Total dollars allocated to 1862 land-grant universities was $1.182 billion in 2007 compared to $1.188 billion in 2012. That includes state-matching dollars, and county and private funding. During the same time, 1890’s land-grant funding was $62 million compared with $78 million in 2012. Funding authorizations for land grants come from two separate laws, so the budgets are separate.
“Funding has become more private and fee driven, and commodity checkoff groups are making huge investments,” Ramaswamy says. “We have always been told to think globally and act locally. Now, we need to think locally and act globally. Extension has always had the ability to take complex ideas and turn them into something understandable, and it always will.”
A Look Back
1862 — The Morrill Act creates land-grant universities.

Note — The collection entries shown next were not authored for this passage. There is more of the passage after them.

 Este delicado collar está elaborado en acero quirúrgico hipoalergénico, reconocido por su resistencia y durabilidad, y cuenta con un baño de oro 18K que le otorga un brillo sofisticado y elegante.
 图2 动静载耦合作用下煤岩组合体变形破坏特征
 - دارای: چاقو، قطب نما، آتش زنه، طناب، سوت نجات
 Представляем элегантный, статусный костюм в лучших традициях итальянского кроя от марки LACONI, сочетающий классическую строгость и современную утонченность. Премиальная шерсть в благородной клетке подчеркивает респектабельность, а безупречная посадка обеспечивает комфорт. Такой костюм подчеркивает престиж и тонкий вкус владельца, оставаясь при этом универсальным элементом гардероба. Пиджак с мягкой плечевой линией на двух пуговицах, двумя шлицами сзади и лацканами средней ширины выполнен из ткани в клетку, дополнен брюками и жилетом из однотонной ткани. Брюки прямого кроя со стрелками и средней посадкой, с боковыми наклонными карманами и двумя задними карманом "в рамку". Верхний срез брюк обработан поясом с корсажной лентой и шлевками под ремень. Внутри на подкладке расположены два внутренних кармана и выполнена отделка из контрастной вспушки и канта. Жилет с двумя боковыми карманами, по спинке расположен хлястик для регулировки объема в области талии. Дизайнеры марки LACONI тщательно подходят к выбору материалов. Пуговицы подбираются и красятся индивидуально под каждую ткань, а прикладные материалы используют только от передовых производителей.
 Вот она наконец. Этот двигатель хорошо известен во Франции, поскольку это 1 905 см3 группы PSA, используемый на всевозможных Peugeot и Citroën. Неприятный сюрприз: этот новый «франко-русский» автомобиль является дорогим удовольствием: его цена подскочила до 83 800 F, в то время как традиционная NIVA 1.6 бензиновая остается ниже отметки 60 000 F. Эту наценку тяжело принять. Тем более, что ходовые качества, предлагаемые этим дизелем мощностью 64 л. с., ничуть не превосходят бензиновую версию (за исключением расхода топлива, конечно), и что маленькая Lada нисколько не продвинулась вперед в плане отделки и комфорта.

1887 — The Hatch Act expands agricultural research programs throughout the country.
1914 — The Smith-Lever Act creates Extension and expands vocational, agricultural and home demonstration programs in rural America via land-grant universities.
1924 — National 4-H clubs are formed.
1929 — The Capper-Ketchum Act provides annual funding to states to increase the number of county and home demonstration agents.
1950s — Extension creates training programs for farmers to be more efficient with equipment.
1966 — Extension receives funding from the National Oceanic and Atmospheric Administration, the first large-scale funding from an outside agency and the start of the Sea Grant colleges.
1971 — USDA amends the funding formula and gives $12.6 million directly to 1890 land-grant universities for research and Extension.
1994 — The Department of Agriculture Reorganization Act creates Cooperative State Research, Education and Extension Service (CSREES) by combining the former cooperative state research service and the Extension service into a single agency.
2007 — The eXtension Internet platform is launched.
2009 — CSREES is reorganized into the National Institute of Food and Agriculture (NIFA).